Trinidad and Tobago is at the peak of their celebrations this weekend, having become 50 last Friday, August 31. They are the second of the two countries referred to above, following Jamaica which led the island chain by breaking away from the British West Indian Federation and becoming independent on August 6, 1962. Like Jamaica, Trinidad celebrated with a carnival of events leading up to Independence Day, although in its case these will continue up until the end of the year.

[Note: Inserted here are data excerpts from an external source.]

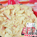 | 原材料名 | 小麦粉(国内製造)、りんごチップ(りんご、植物油、マルトトリオースシロップ)、りんごチップ(りんご、植物油、水飴、食塩)、マーガリン、砂糖、食塩、水飴、ごま、りんご果汁入りペースト/酸化防止剤(V.C)、乳化剤、香料、着色料(カロチン、カラメル)、トレハロース、酸味料、増粘多糖類、膨張剤、(一部に小麦・りんご・乳成分・ごま・大豆を含む) |
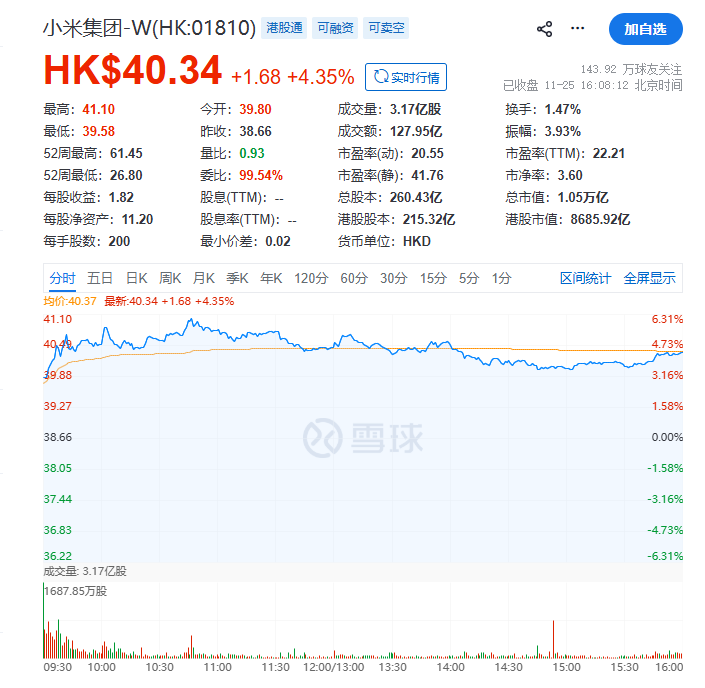雷军这次增持,平直向市集开释了一个浓烈信号:对小米有信心,看好小米的明天。在雷军增持的第二天,小米集团股价25日早盘大涨,强势回升,成效归附40港元关隘。限制收盘,小米股价涨4.35%,报40.34港元/股,最新市值约1.05万亿港元,重回万亿市值行列。
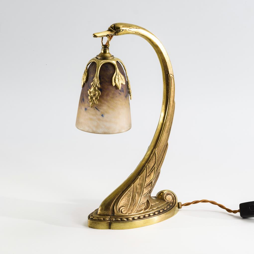 Gehängter Glockenschirm mit floraler Einfassung (H 12,5 cm). An gebogenem Schwanenschaft mit rautenförmigem Fuß. Elektrifiziert (Funktion nicht geprüft) .
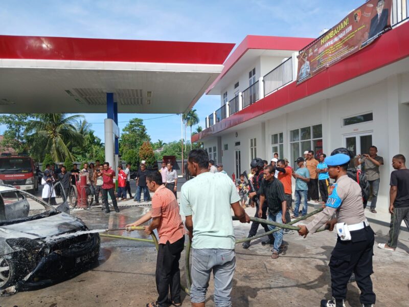 TLii. PIDIE JAYA – Satu unit mobil Toyota Vios terbakar saat sedang mengisi bahan bakar di SPBU PT. Hurrem Perta Energy No. 14.241.114, Jalan Iskandar Muda, Gampong Meunasah Jurong, Kecamatan Meurah Dua, Kabupaten Pidie Jaya Senin (13/10/2025) sekira pukul 09.15 WIB. Peristiwa tersebut menyebabkan dua orang mengalami luka bakar dan kerugian materil diperkirakan mencapai Rp100 juta.
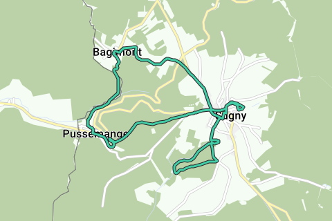 Vi starter i Bagimont. Vi følger rute 50 ( grøn-hvid-grøn ) til Sugny. Der er nogle krigsmindesmærker ved kirken. Vi passerer forbi nogle gamle drikkepladser til Domaine Marial. Guad af Lourdes, den Hellige Trappe, Golgata og helligdommen for Santa Teresa er kun nogle af de interessante steder...
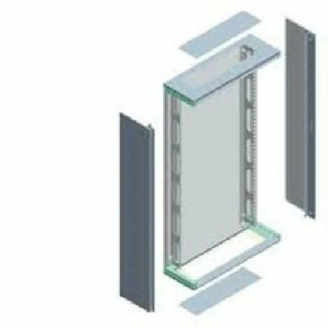 Modularer Metallrahmen IP 30 ohne Tür oder IP 43 mit Tür Abmessungen LXHXP 600X1200X250 Isolationsklasse I. Farbe Ral 7035, hellgrau. Lieferung erfolgt zerlegt in einer flachen Verpackung Obere und untere Kabeleinführungsflansche. Wendetüren, links und rechts angeschlagen Modulare, flach verpackte, bodenstehende Plattenstruktur
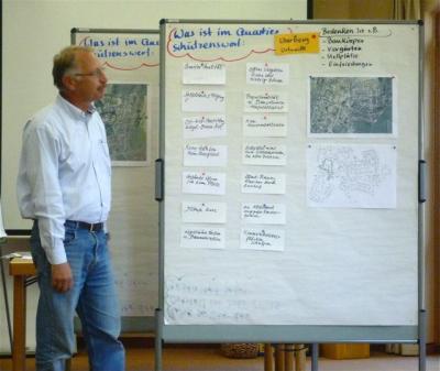 Rückblick auf Obing: GR Brunnhuber referiert die Ergebnisse der Arbeitsgruppe zur “Ortsmitte Berg”.
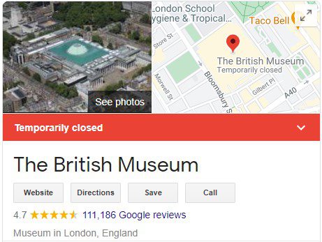 Simply put, having lots of great reviews make Google My Business profiles look amazing, increasing the likelihood of clicks through to your site. Take the British Museum for example, the number of positive Google Reviews on this profile suggests to me that it’s an awesome museum to visit!
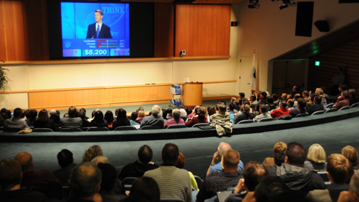 Throughout the evening, IBM Silicon Valley human resources manager Alexa MacDonald fired up the crowd with a series of IBM- and "Jeopardy"-related questions. One showed how closely the group had been paying attention to the project. When MacDonald asked what the correct answer to the first match Final Jeopardy question was--the very same question that Watson botched by responding with "Toronto," about half the room shouted out "Chicago!"

Like Jamaica, also, Trinidad and Tobago can mark nationhood in much more than political status. They are a nation with a strong identity fortified by 50 years of cultural achievements. Their contribution to Caribbean cultures is an outstanding spectrum of cultural traditions, fuelled by the incandescent energy that created forms in literature, music, and other branches of the arts, like theatre, with a brand of Caribbean performance; forms of dance; indigenous acts; and a distinct identity in the folk and the popular cultures. Much of this store evolved in pre-Independence Trinidad, in the colourful post-Emancipation and colonial periods, but one can also measure the contemporary contributions of Trinidad and Tobago to the ‘Independent Caribbean’ since 1962.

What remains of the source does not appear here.